I found a new part of the Island yesterday.  I saw a sign that pointed to Buffalo Point and I could see that it involved a significant climb up to this look out point.  Well, I was feeling quite happy with my ride and myself yesterday, so I did it!  It was hard, but in playing with the gears on my bike and going to one with very little resistance and maintaining a high cadence, I found that it was easier than a smaller climb I did last Saturday on the Island, and I was going 2-3 mph faster as well.  I keep having these little breakthroughs on my bike, and I must say, I am warming up to it more and more.  It was hard, but not as hard as I thought it was going to be and I must say, the downhill was SWEET!  Got up to 30 mph!

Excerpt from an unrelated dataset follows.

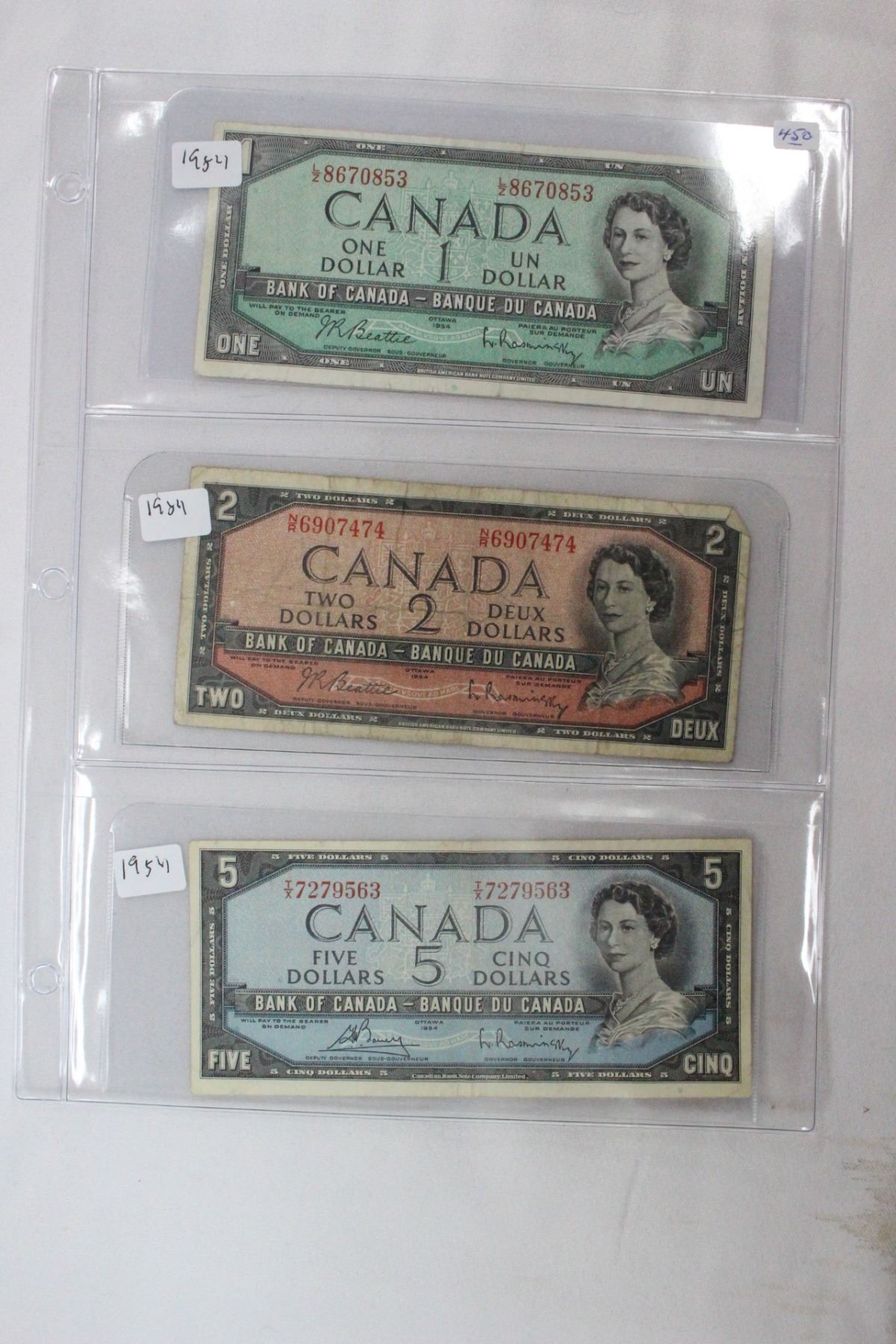 1954; $1 Beattie/Rasminsky L/Z8670853; $2 Beattie/Rasminsky N/R6907474; $5 Bouey/Rasminsky T/X7279563

Like I hinted at before, I am warming up to my bike more with each ride.  It is really a whole new beast to learn about.  I feel that I am still have so much more to learn, and am excited when I make little breakthroughs or have Aha! moments on rides.  I am starting to feel more comfortable with my bike, and on it!  My shoulders are hurting less, though I am not sure I have quite figured out an ideal saddle for me, I guess I have learned to tolerate it.  I love the areas and how MUCH area you can cover on a bike as compared to a run.  I am taking a long ride with my Dad who is in town this week and bringing his bike.  I can't wait for him to show me more stuff, and we are attempting a 52 mile ride with some significant climbs, but it is in gorgeous country, so I can hardly wait.  Hopefully the old man is patient with me!

Another thing I am way excited about it that my classes for this semester are over and I am done until after Labor Day.  I am so excited to dive into some good quality training!  The weather is supposed to be spectacular this week anyhow, so even better!

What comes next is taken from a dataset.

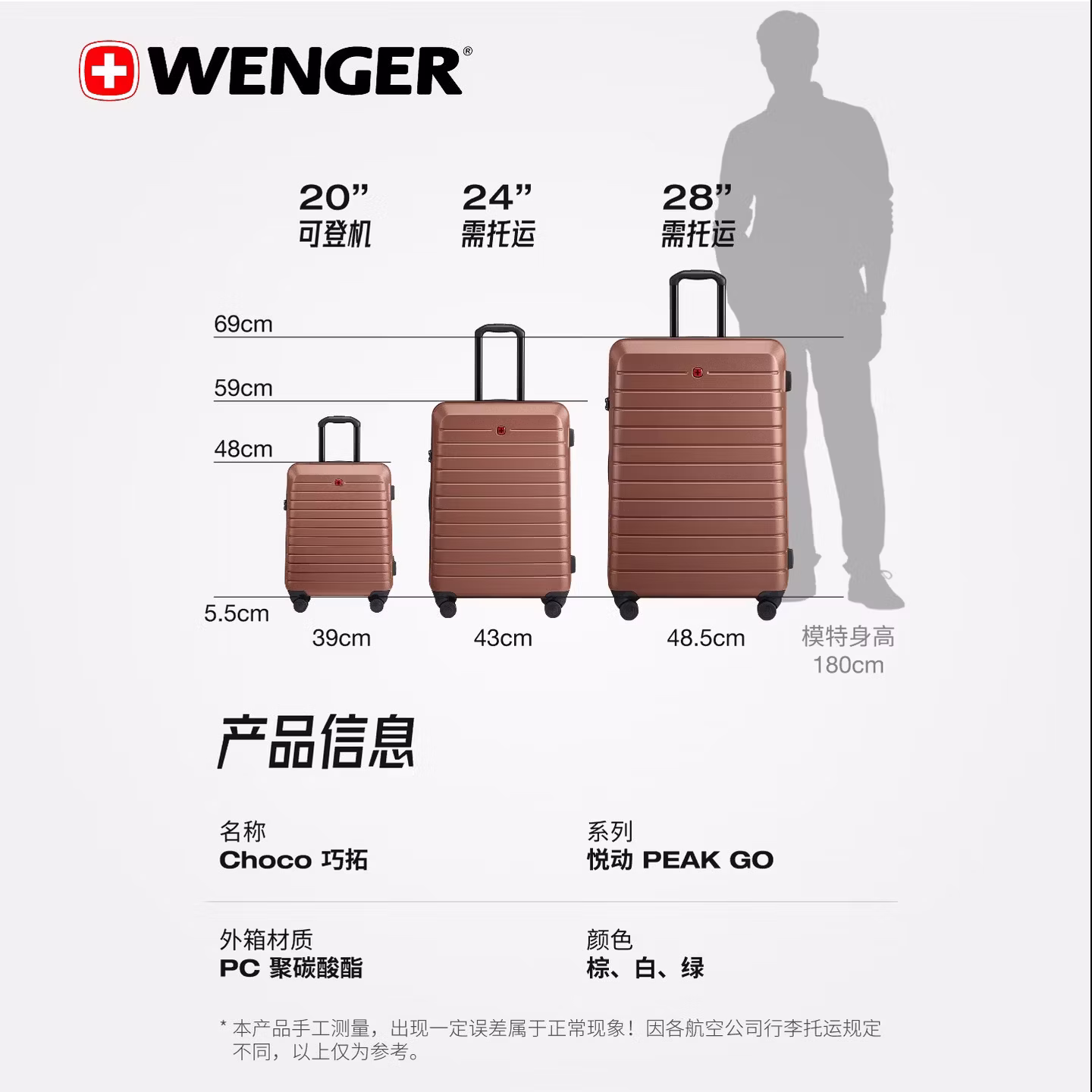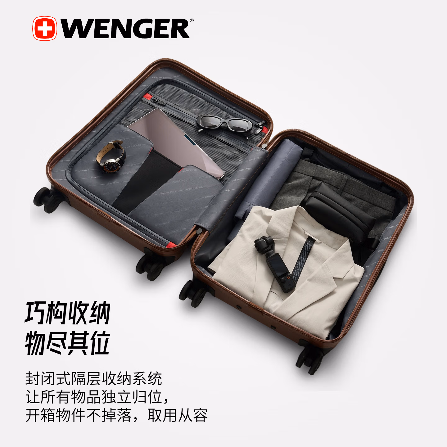 威戈(WENGER)瑞士军刀行李箱20英寸拉杆箱万向轮登机箱旅行密码箱巧克力色
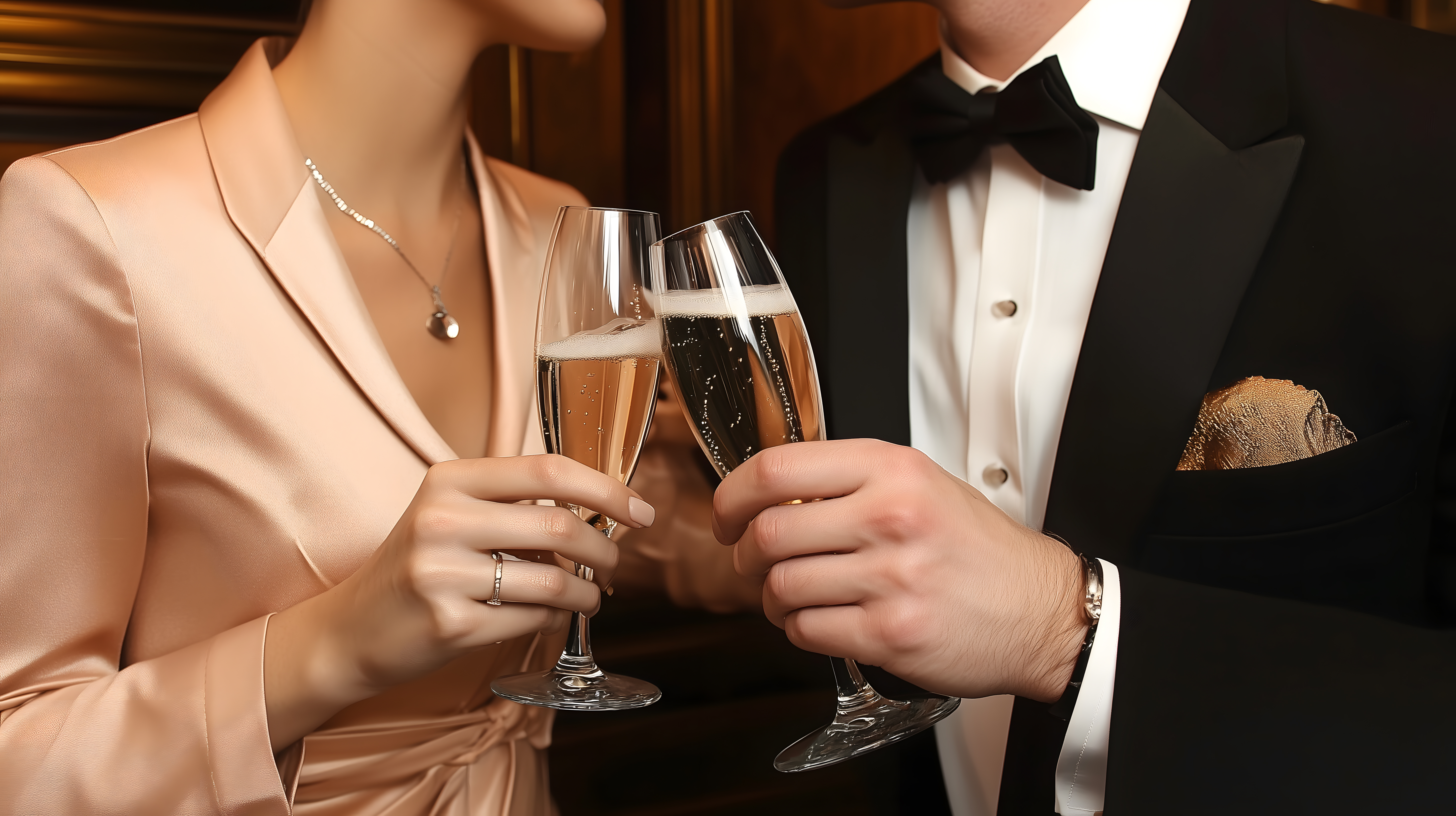 Das Bild zeigt ein elegantes Paar in festlicher Abendgarderobe, das mit Champagnergläsern anstößt. Der Mann trägt einen schwarzen Smoking mit Fliege, die Frau ein figurbetontes Samtkleid in zartem Rosé. Sie halten ihre Gläser hoch, als würden sie einen besonderen Moment zelebrieren. Das Bild strahlt Exklusivität und Lebensfreude aus und eignet sich hervorragend für den Einsatz in Artikeln oder auf Websites rund um Themen wie Hochzeit, Verlobung, Geburtstag oder andere festliche Anlässe. Als kostenloses Stockfoto in hoher Auflösung und unter einer Creative-Commons-Lizenz verfügbar, können die Bildrechte unkompliziert genutzt werden.

To top it all off, I am only 13 days from my first tri, Women of Steel.  So excited I can't stand it!

Happy training!

Thursday, May 3, 2012

Salt Lake Running Co 5k

So, I guess Hell is freezing over, because I got Ken to do a race with me.  We did the annual Salt Lake Running Company 5k on Saturday.  It was a ton of fun, and really neat to do a race with my honey!  He ran a "very short, yet distinguished" running career in high school, and once had an 18 minute 5k time.  I totally drug him into this one, but he did it, and he even had fun!  He said that he would do it again, so I consider that a success.  I had a good race, not quite a PR, but I did manage to beat him, and went back to cross the finish line with him as he went through.  Here are some pics for that day.  The one above was clearly before the race, and the others below are from the photographer for SLRC.  I took them off of their FB Page :)  Is that considered stealing?

Ken and I are in the back in this one, he is behind the lady in the hot pink shirt.